The social responsibility of firms in the pharmaceutical industry has been well studied, she says, but orphan drugs remain relatively unexplored. “They represent a good opportunity to test the applicability of theoretical perspectives on social responsibility,” she says, for a couple of reasons.

Firstly, orphan drugs — so called because “no one wants to 'adopt' or manufacture them on a large-scale basis because of weak economic incentives and their lack of commercial value” — raise intriguing questions about the social responsibilities of pharmaceutical firms with respect to rare diseases and the unmet medical needs of a minority, Bruyaka says.

Historically, those with rare diseases — affecting fewer than 200,000 people in the U.S. and 1 person out of 2,000 in Europe — had little hope of receiving appropriate treatment. But the 1983 Orphan Drug Act in the U.S. and similar laws passed in other countries in the 1990s offered financial incentives to pharmaceutical companies, which dramatically spurred work on such drugs, she says.
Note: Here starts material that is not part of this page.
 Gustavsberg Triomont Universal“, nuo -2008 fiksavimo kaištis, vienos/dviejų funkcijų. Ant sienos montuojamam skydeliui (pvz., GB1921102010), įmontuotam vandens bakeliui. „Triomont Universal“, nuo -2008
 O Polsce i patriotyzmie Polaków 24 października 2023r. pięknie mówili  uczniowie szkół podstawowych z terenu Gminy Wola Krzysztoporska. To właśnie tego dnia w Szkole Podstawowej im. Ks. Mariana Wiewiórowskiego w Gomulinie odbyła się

Secondly, Bruyaka says, orphan drug development is no longer seen as purely philanthropic, as a result of the legislative incentives and its potential as a path to technology innovations that can also lead to solutions for more common diseases.

“However, given the specific challenges and risks of developing such drugs (little or no knowledge about the disease, difficulty to diagnose the disease and identify the affected population, narrow market), developing treatment for rare diseases is not purely an economic activity either, she says. “Thus, it was unclear what motivates firms' involvement in orphan drug innovation.”
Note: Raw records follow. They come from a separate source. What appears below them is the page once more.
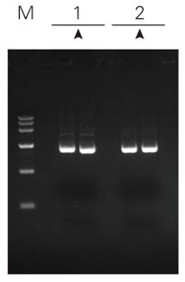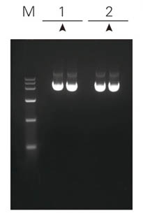注解:PUC19質(zhì)粒 菌液OD600=1.530 1:ZP101 2:ZPK101 M:莊盟DNA MarkerⅥ(5μl點樣) Marker與樣品均為5μl點樣 | 注解:PET-15B質(zhì)粒(中低拷貝) 菌液OD600=1.824 1:ZP101 2:ZPK101 M:莊盟DNA MarkerⅥ(5μl點樣) Marker與樣品均為5μl點樣 | 注解:8K質(zhì)粒 菌液OD600=1.167 1:ZP101 2:ZPK101 M:莊盟DNA MarkerⅥ(5μl點樣) Marker與樣品均為5μl點樣 | 注解:15K質(zhì)粒 菌液OD600=1.553 1:ZP101 2:ZPK101 M:莊盟DNA MarkerⅥ(5μl點樣) Marker為5μl樣品為2μl點樣 |
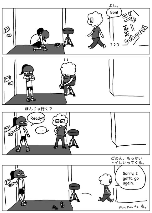 ランニング直前によくある現象。 Pre-run ritual #CapとFuzzyのレッツFunRun #漫画が読めるハッシュタグ #コミックエッセイ #ランニング #ジョギング #comic #jogging #running
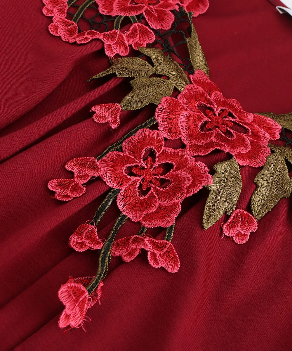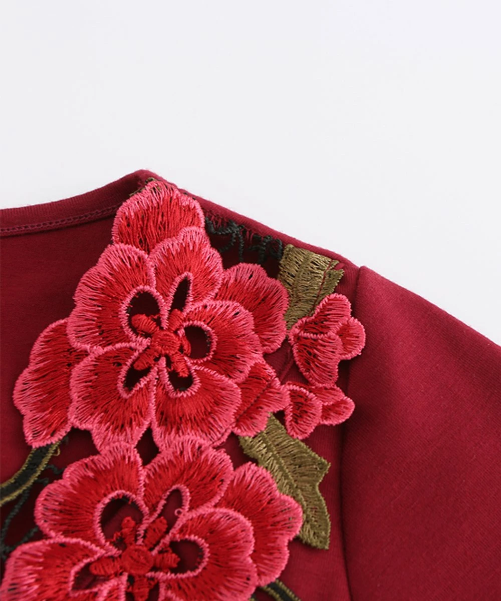 This long-sleeve top is sure to stun with its embroidered, floral design and flowy, tiered structure.

Many motivations for producing orphan drugs

In the study, Bruyaka and her co-investigators used qualitative and quantitative methods to analyze social responsibility practices of pharmaceutical firms in the U.S. and European Union. They conducted interviews with 20 managers of 9 drug companies and used publically available secondary data on social responsibility activities of other firms in the global pharmaceutical industry.
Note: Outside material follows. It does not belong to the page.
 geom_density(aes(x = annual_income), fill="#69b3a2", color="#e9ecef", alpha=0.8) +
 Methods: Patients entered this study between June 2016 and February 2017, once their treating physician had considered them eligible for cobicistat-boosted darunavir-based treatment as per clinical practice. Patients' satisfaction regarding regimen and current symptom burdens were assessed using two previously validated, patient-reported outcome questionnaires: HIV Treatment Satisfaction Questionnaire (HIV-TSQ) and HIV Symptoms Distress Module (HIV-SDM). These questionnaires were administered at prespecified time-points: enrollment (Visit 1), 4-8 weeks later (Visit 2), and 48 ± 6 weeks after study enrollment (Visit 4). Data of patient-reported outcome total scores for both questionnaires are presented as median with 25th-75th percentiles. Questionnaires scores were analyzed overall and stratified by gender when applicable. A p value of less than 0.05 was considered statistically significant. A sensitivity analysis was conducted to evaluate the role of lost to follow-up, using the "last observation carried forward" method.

To examine the visibility of the companies' actions related to orphan drug development, the researchers undertook a quantitative study of 100 firms. “Using their websites, we obtained more detailed information on whether and how these firms communicate about their social responsibility actions in general and orphan drug development in particular.”

Chart of orphan drugs that are commonly developed

The findings show that economic motivations are clearly important, but they are not the only reasons firms get involved with orphan drugs, Bruyaka says. “All companies that we interviewed stressed that their entry into the orphan drug field was primarily motivated by the potential for technology breakthroughs and the business opportunity.

“But the majority also made it clear that, in order to successfully do business in the rare disease arena, a company needs to consider its ethical responsibilities. Smaller companies reflect this by explicitly stating their involvement in orphan drug development in their mission and vision statements and claim it to be an integral part of their organizational culture.”

Missed opportunity for building goodwill

The quantitative analysis of pharmaceutical firms' Internet communications, however, revealed that only a few mention their work on orphan drugs on their websites — though many of the websites discuss corporate social responsibility and the interviews showed that managers “plainly view” orphan drug development as a fundamental part of it.

Companies could better align their business activities with their social responsibility initiatives, or at least the communication of such efforts, to more fully reap the strategic benefits of the orphan drug work they already do, Bruyaka says. “The incremental costs for actually communicating what is ingrained in their culture are low and could lead to substantial benefits in terms of goodwill and public relations.”

The study also offers suggestions to policy makers, who should provide more support for orphan drug development, given the potential of new technological developments, Bruyaka says. Awards for excellence, for example, could be given to firms that make significant contributions. The government could also extend the exclusivity period for marketing of such drugs or treatments.

If firms can derive more strategic social responsibility benefits from developing orphan drugs, she says, these activities may grow, creating gains for patients, the firms, and society as a whole.

The study, "Strategic Corporate Social Responsibility and Orphan Drug Development: Insights from the U.S. and the EU Biopharmaceutical Industry,” has been published online in the Journal of Business Ethics.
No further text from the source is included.